Impact investing has taken off, and it’s no wonder: while people want to watch their money grow in the market, they don’t want to stash their cash with corporations they dislike.
A recent study found that 78 percent of millennial investors have either put their money into these types of investments, or plan to in the future. That might be because, with impact investing, you can actually support causes that matter to you.
“Impact investing has the unique potential to harness the enormous power of investment capital to address many of the world’s most pressing social and environmental challenges,” said Hannah Schiff, research manager for the Global Impact Investing Network (GIIN), a nonprofit organization working to increase the scale and effectiveness of impact investing.
Before diving further into impact investing, let’s first review the umbrella term of “socially responsible investments” (SRI). SRI are investments that consider “the nature of the business the company conducts,” per Investopedia. It basically means investing with your ethics in mind, whether that’s avoiding tobacco or oil companies, or seeking out companies with a social or environmental mission.
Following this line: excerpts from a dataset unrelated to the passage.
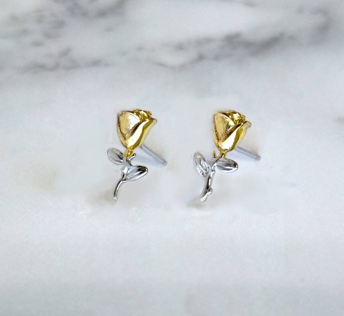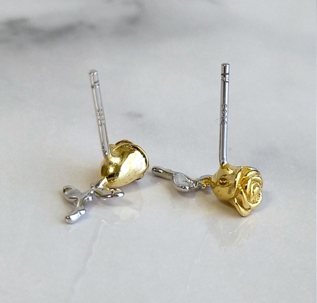 ・商品ローズ ピアス シルバーとゴールドコンビ 1ペア
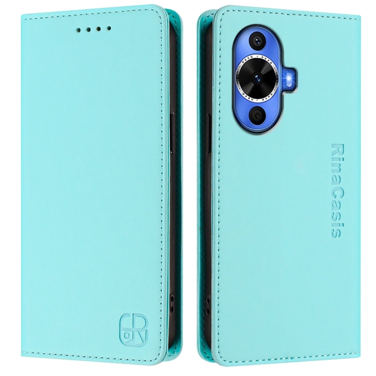 Funda de Cuero con Doble Pliegue y Succión Magnética Rfid para Huawei Nova 12S Global Rc01 (Verde Menta)
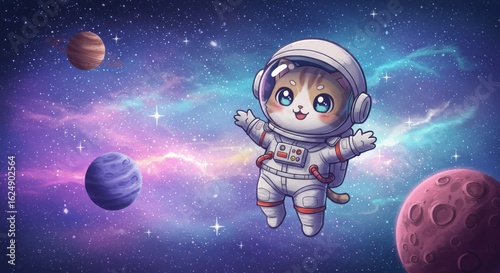 A chibi astronaut cat floating in space, dreamy digital painting for kids' books or merch.
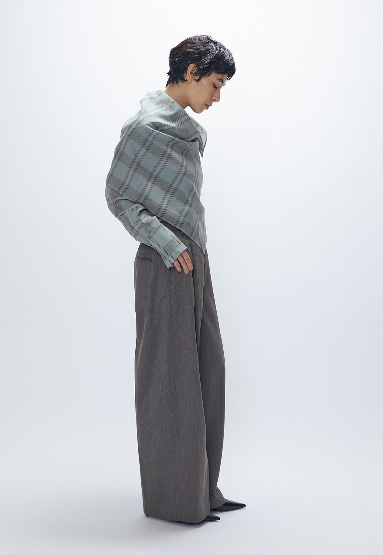 ウール混ですが軽やかでドライタッチな風合いで、暑さが続く秋にぴったりなです。
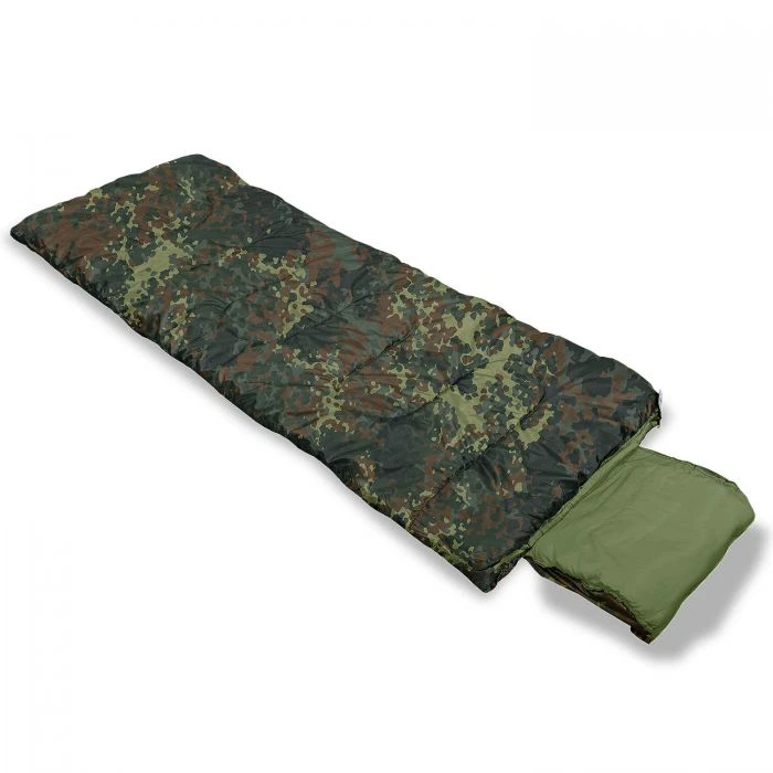 Der israelische Pilotenschlafsack von MFH ist ein praktischer Deckenschlafsack mit 2-lagige Füllung. Der Schlafsack lässt sich leicht in dem integrierten Transportsack, der gleichzeitig als Kapuze genutzt werden kann, verstauen. Ebenso praktisch ist der Tragegriff am Packriemen. So kannst den Schlafsack leicht transportieren.
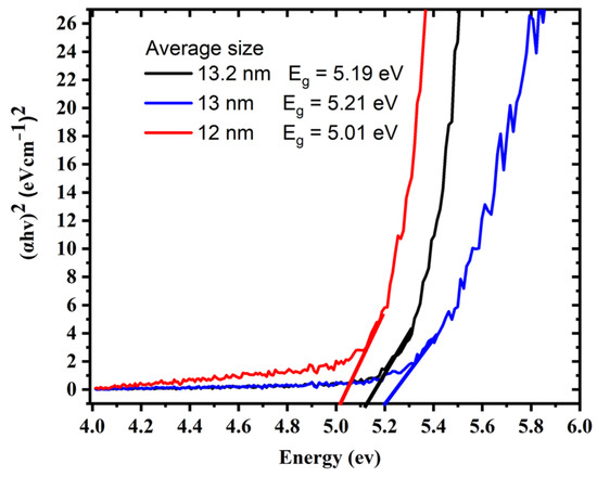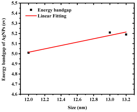 One of the most effective approaches for determining the optical response of metallic nanoparticles is UV–Vis spectroscopy. The UV–Vis absorption spectra of silver colloids were measured by a spectrophotometer (Model: Branson UV-1510, wavelength accuracy 0.1 nm, Branson Ultrasonics Corp., Danbury, CT, USA). This technique is useful due to colloidal metal nanoparticles’ high surface plasmon resonances [32]. The sharp SPR peak around the 400 nm region corresponds to colloidal AgNPs [33,34]. Several factors can influence the SPR peak position, such as the shape, size, and concentration of AgNPs. Figure 3 illustrates UV–Vis absorption spectra of colloidal AgNPs obtained at different ablation periods of 5, 10, and 15 min with a 100 mJ/pulse ablation energy. The SPR peaks for samples prepared for 5, 10, and 15 min were found at 399, 398.5, and 397.5 nm, respectively. The shift of the peak position toward a shorter wavelength with increasing laser ablation time can be attributed to the synthesis of smaller particle sizes with increasing laser ablation time. It was also found that as ablation time increased, the SPR peaks became sharper as in the case of 15 min ablation time. The FWHMs of SPR peaks were 86.56, 69.85, and 68.34 nm for 5, 10, and 15 min ablation times, respectively. This decrease in the FWHM of the peak can be due to the reduction in the particle size distribution with increasing laser ablation time. The average size and size distribution of AgNPs were verified using a transmission electron microscope (TEM). Figure 4a–c depict the histogram of the size distribution of AgNPs produced by ablation with a laser in distilled water at various ablation times. The inset in Figure 4 shows the TEM micrographs of the AgNPs, which shows that AgNPs are mostly spherical with an average size of 12–13.2 nm. When the laser ablation time was increased from 5 to 15 min, the size of the AgNPs decreased from 13.2 nm to 12 nm. The laser fragmentation of AgNPs could explain the decreases in NP size with increasing ablation time [35]. When the ablation time was increased, the already synthesized AgNPs were fragmented into smaller NPs, resulting in increased concentration of AgNPs. Figure 5 displays the Tauc’s plot of AgNP colloids at various ablation times. The optical bandgap () measurements for the AgNP colloids are obtained using Tauc’s equation for the direct bandgap of () [36], where A is the proportionality constant, is the energy bandgap, is the absorption coefficient, and is the incident photon energy. The direct bandgap was investigated by extrapolating the straight line of Tauc’s plot () as shown in Figure 5. The relation between the energy bandgap and size of AgNP colloids is depicted in Figure 6. The bandgap energy increases as the size of AgNPs increases. Using an atomic absorption spectrometer, the concentration of AgNP colloids was measured at different ablation times (Agilent Technologies, Santa Clara, CA, USA, 200 Series AA). Figure 7 shows how the size and concentration of AgNPs are directly proportional to the ablation time. As ablation time increases, the size of AgNPs decreases, while concentration increases.
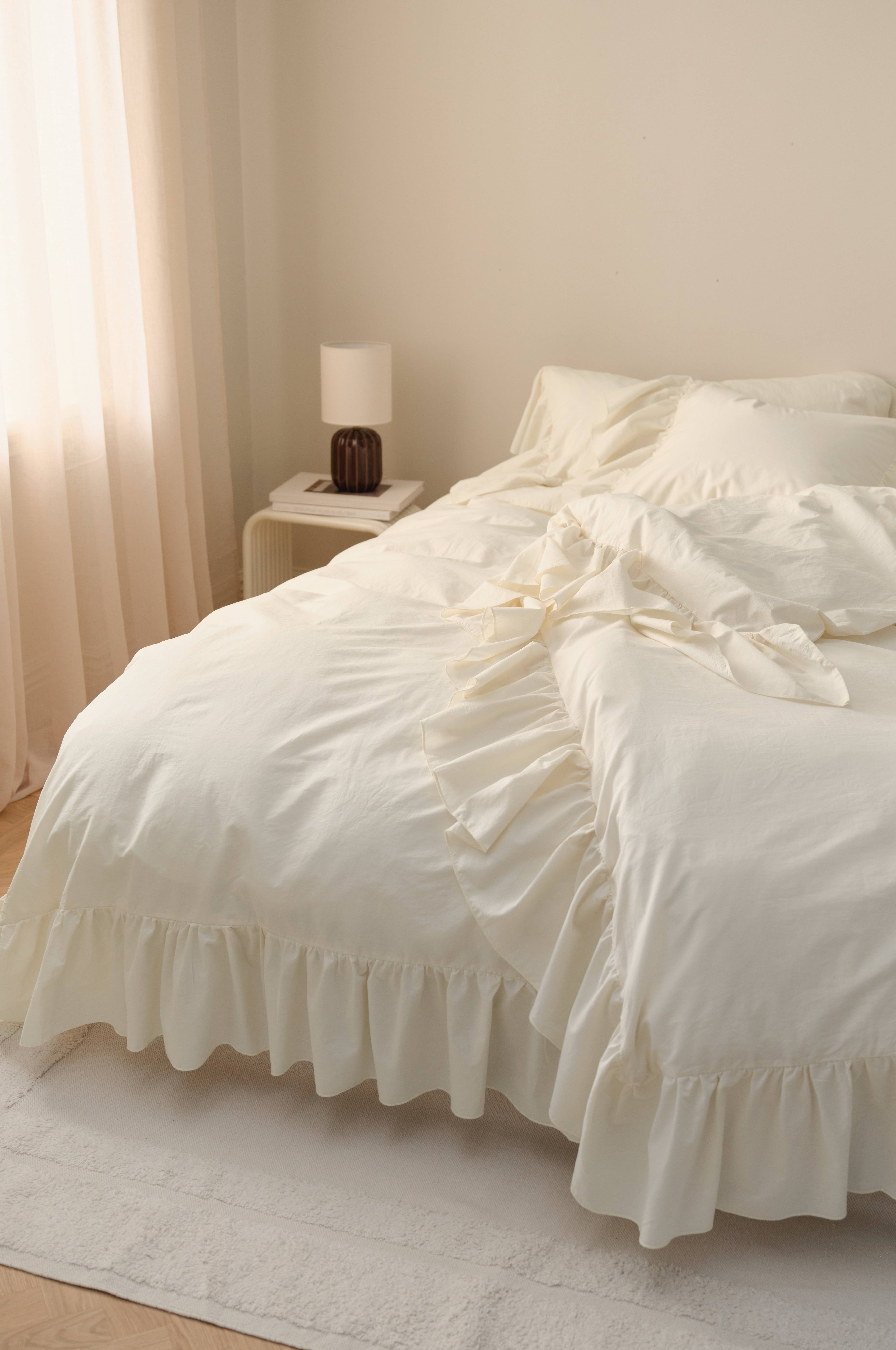 • Påslakanset i mjuk, tvättad bomull • Tryckknappar i plast i nederkanten på påslakanet • 22 cm volang på 3 sidor med overlockad kant • Trådtäthet: 144 TC. ( Ju högre trådantal, desto högre kvalitet) • 2-dels set: 1 påslakan 150x210 cm (till enkeltäcke) med 1 örngott 50x60 cm

Though the definitions of the terms surrounding SRI differ depending on who you talk to—and are often used interchangeably—at a minimum, socially responsible investing generally involves “negative screening,” or filtering out industries like tobacco, firearms, gambling, etc. Then, taking it a step further is “environmental, social, governance” (ESG) investing, which ensures companies pass a set of certain criteria, like fair treatment of employees and environmentally friendly practices.